J.K. Rowling e a construção de mundos ficcionais
Recentemente, J.K. Rowling anunciou que Harry Potter se revelará bissexual no primeiro volume da triologia planejada para 2021. Como de costume, seguiu-se a avalanche de tuítes e memes. Embora neste caso Rowling esteja antecipando dados de um volume novo, quando me deparei com a notícia, lembrei-me de outra sua prática bastante comum no Twitter: a de incrementar o universo dos livros.
Os fãs, por vezes, reagem de modo curioso. Afinal, trata-se da primeira vez que uma autora utiliza uma plataforma digital para emendar um universo de ficção. Seguramente, antes do advento do Twitter, nenhum autor poderia havê-lo feito, mas nenhum antes dela ou após o Twitter pensou nisso. Rowling pode estar inaugurando uma forma exclusivamente digital de interação com os fãs da série, e buscando capitalizar em cima disso. Mesmo assim, as implicações de seu gesto podem ser mais amplas.
Como jogada de marketing, a estratégia é risível, mas eficiente—ou eficiente porque risível. Anos atrás, a escritora Glória Perez interagiu amplamente com os espectadores via Twitter, para justificar escolhas ceticamente recebidas por quem acompanhava a novela Salve Jorge (2013). Perez soía queixar-se da falta de imaginação do público, que não alcançava compreender a trama. A certa altura, por exemplo, Lívia (a vilã, interpretada por Cláudia Raia) assassinava uma personagem em um elevador de hotel. Os internautas reagiram: hotéis têm câmeras de segurança; a autora rebateu: Lívia tem cúmplices no hotel.
O inusitado está aí: provavelmente, nada na trama conforme televisionada indicava que seria seguro para a vilã realizar o assassinato. A autora, sob a forma de reprimenda ao público, acrescenta dados externos à obra, fazendo uso de outra mídia. O ato curioso serviu, de fato, para prender os espectadores à novela, tão ansiosos pela trama quanto pelas explicações extemporâneas da autora.
A semelhança entre os dois casos acaba aqui. Existe uma diferença fundamental entre a telenovela e os volumes de Rowling. Enquanto aquela é um fenômeno restrito à TV aberta—que pode, quando muito, ser acompanhada por outras mídias de forma suplementar—, Harry Potter é, legitimamente, um fenômeno transmidiático. A literatura de maior sucesso atualmente no mundo é toda transmídia: livros, revistas em quadrinhos, filmes e séries interagem, e se constroem mutuamente, gerando um complexo mundo ficcional que escapa aos autores originais, por um lado, e, por outro, permite-lhes continuar criando.
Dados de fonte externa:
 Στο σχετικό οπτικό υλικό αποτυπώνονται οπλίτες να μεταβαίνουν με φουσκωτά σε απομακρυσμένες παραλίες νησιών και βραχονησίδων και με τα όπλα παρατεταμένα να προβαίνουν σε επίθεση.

Charles Schulz escreveu as tirinhas de Peanuts por meio século; houve vários desenhos animados feitos a partir daí—eu mesmo conheci suas personagens pela televisão antes de lê-las em jornais—; suas crianças jamais cresceram. Mafalda, Calvin & Hobbes e a Turma da Mônica—todos tributários de Schulz em maior ou menor grau—tampouco conheceram um nanossegundo de envelhecimento. Verdade, conforme algumas personagens se desenvolvem, podem envelhecer—o pianista Schroeder foi introduzido como um bebê, mas logo passou a ter idade comparável à de Charlie Brown e dos demais—, mas isso era um processo isolado, incongruente e raro.
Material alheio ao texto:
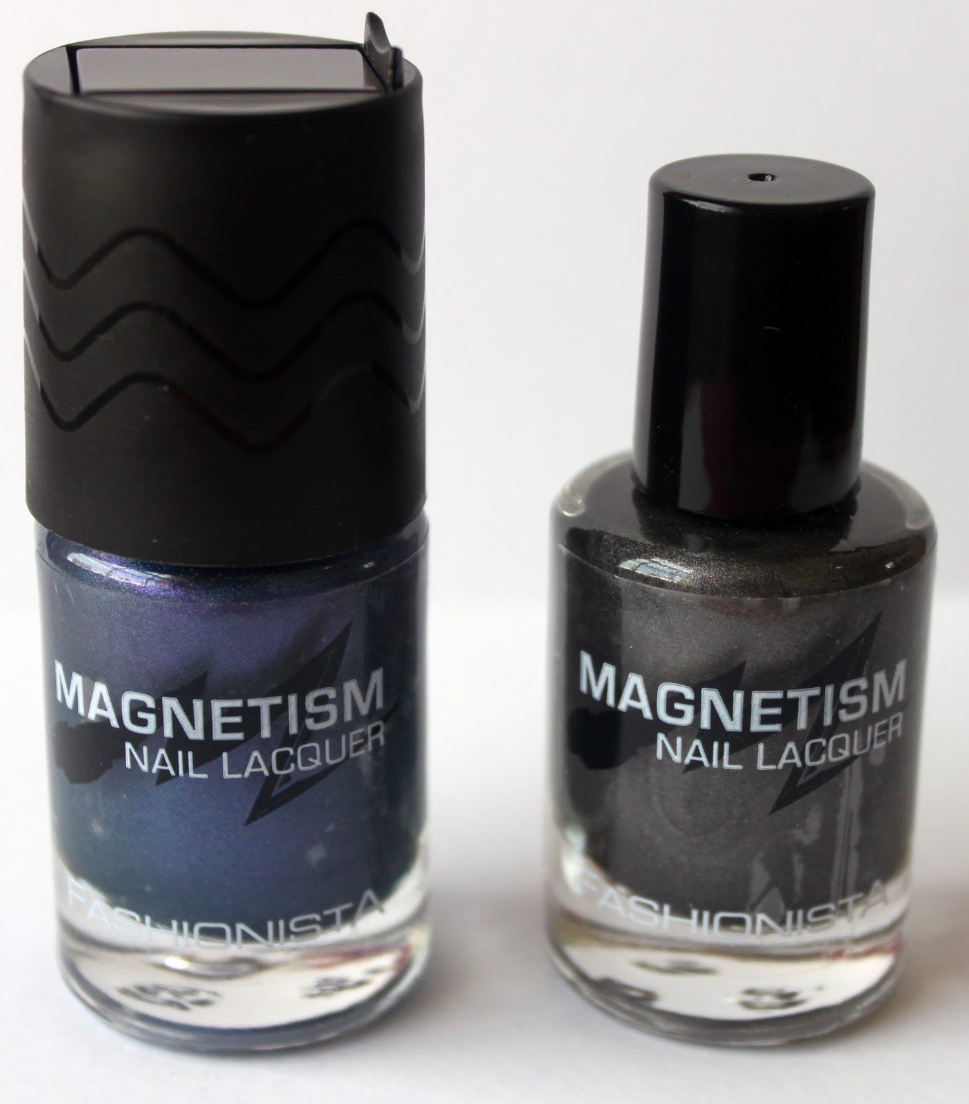 I got two of the colours Forever is Blue and Notorious Silver. They come with a separate magnet which fits nicely on top of the nail polishes as above.

Rowling teve auxílios com que Schulz não contou; pôde assistir o crescimento de Harry Potter e amigos através dos atores que os interpretaram nos cinemas. Quando a Turma da Mônica ou os Peanuts são convertidos em desenhos animados ou adaptados aos cinemas, quando mesmo gera-se deles versões adolescentes, temos produtos secundários, sem poder decisivo sobre a peça principal; quando Harry Potter vai ao cinema, temos aí uma franquia cinemática que efetivamente interage com o produto principal, e pode alterá-lo. Por isso, Potter cresceu e se casou—porque Daniel Radcliffe dava à autora uma medida de crescimento à qual poderia seguir, mesmo deveria, para poder continuar produzindo filmes e se desenvolver juntamente não apenas com o ator, mas com o público-alvo.
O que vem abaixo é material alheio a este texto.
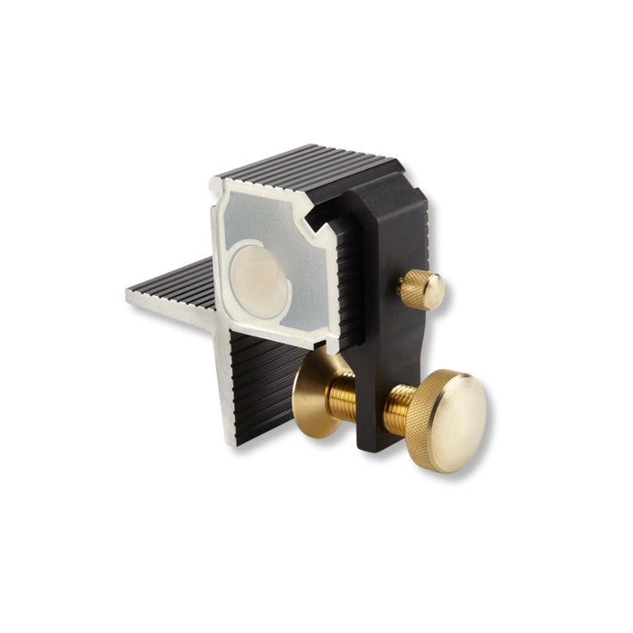 Manufactured using the same precision-machined aluminium extrusion as our dovetail saw guides, each reference surface has an embedded 3/4" rare-earth magnet and is covered with a low-friction UHMW pad. The magnets keep the saw aligned as you cut; the pads allow the saw to slide easily against the reference surface. The clamp can accommodate material from 1/4" to 1" thick.

Foi esse fenômeno exclusivo à era digital que permitiu a Rowling interferir em seus mundos ficcionais desde outra plataforma. Rowling pode acompanhar os novos tempos, por assim dizer, e transformar suas personagens tanto dentro quanto fora dos livros. Mesmo assim, a reação entre amistosamente jocosa e abertamente afrontosa do público parece mostrar que há algo errado. A pergunta que daí surge é a seguinte: teria mesmo a autora direito a fazer isso?
O funcionamento transmidiático de sua obra e o fato de que é, sim, a autora principal—os livros são a peça-chave de todo o complexo diegético, embora interajam com outras produções ao longo do tempo—nos levariam a dizer que sim. No entanto, Rowling pode estar fazendo mais do que simplesmente alterar o mundo ficcional que lhe diz respeito, e aí podemos vislumbrar que haveria boas razões para se desconsiderar seus tuítes.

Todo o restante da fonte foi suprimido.